Sadly not impossible, I've 'lost' (they're still in the back of a drawer) two good knives to idiots attempting to pry apart frozen chops and steaks .. each case snapped a good inch from the tip.

Not damage from a dishwasher and not damage the edge I realize, but worth mention as a tale of caution.


The steel used to make the knives is not always stainless, so it can stain or rust. Even stainless is really just stain resistant.

Dishwasher detergent is caustic and corrosive to steel, so over time it can pit the metal and dull the finish. Handles will swell and become loose or deteriorate, either because of wood repeatedly being waterlogged and dried or just from the heat cycling. A loose handle can be unsanitary, unsightly, dangerous, or all three.

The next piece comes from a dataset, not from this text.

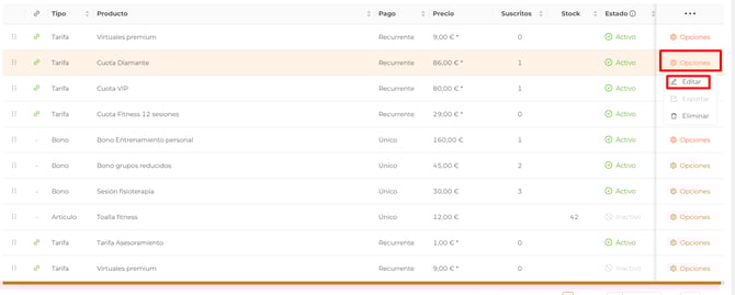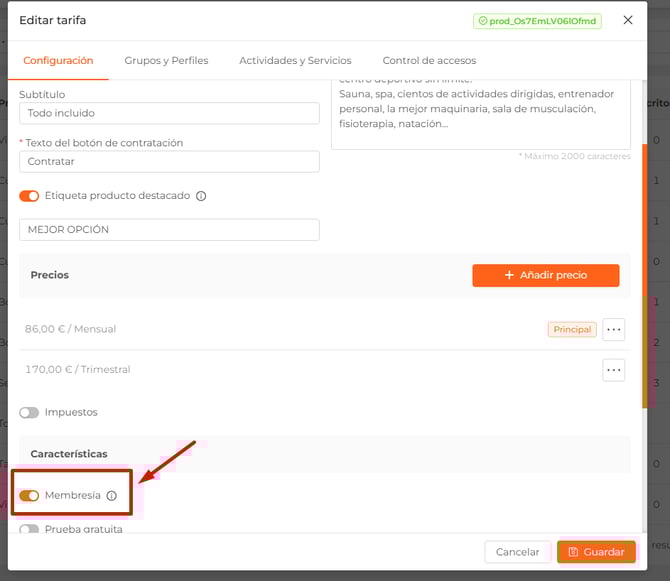 👉Puedes activar un producto para que sea esencial mediante la opción "Membresía" de la edición del producto: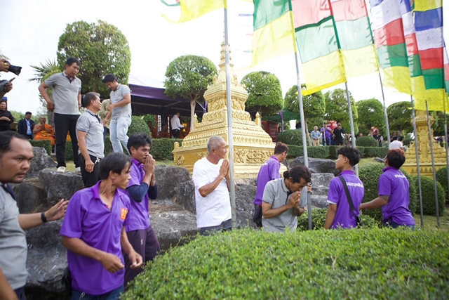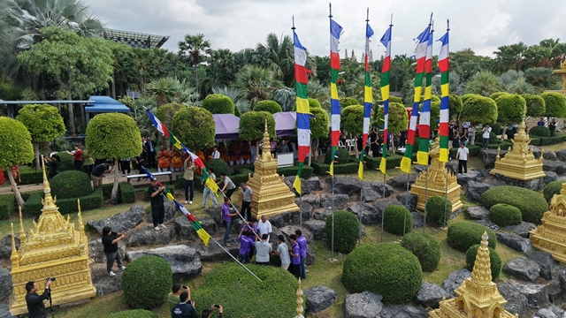 โดยนายกัมพล ตันสัจจา ประธานสวนนงนุชพัทยา เป็นประธานในพิธี พร้อมคณะผู้บริหารร่วมงานอย่างพร้อมเพรียง และได้นิมนต์ พระครูเกษมกิจโสภณ พร้อมพระสงฆ์รวม 9 รูป ประกอบพิธีเจิมแป้ง ปิดทอง และประพรมน้ำพระพุทธมนต์แก่ธงมนตราทั้ง 9 ผืน ท่ามกลางความสนใจของนักท่องเที่ยวทั้งชาวไทยและต่างชาติ

You'll often read that knives in the dishwasher will bang around and that will damage the edge. And that it's more likely you will hurt yourself pulling a knife out of the dishwasher vs. cleaning them properly.


Phosphoric acid detergents will pit your blade. If the knife is not a stainless steel, the wash and dry cycle will cause accelerated rusting. In wooden-handled knives with a rat tail tang construction, you can start destroying the handle from the inside out due to gaps in the construction allowing water seepage and degradation. In non-stainless knives, that same construction becomes the point where rust tends to build up.

Then you also have the action of the dishwasher water jets bouncing the knife around, dulling and destroying the edge.

Only the shittiest cheapest plastic-handled knives I own touch the dishwasher. Everything else gets cleaned and wiped by hand and put straight to the knife block or its respective scabbard.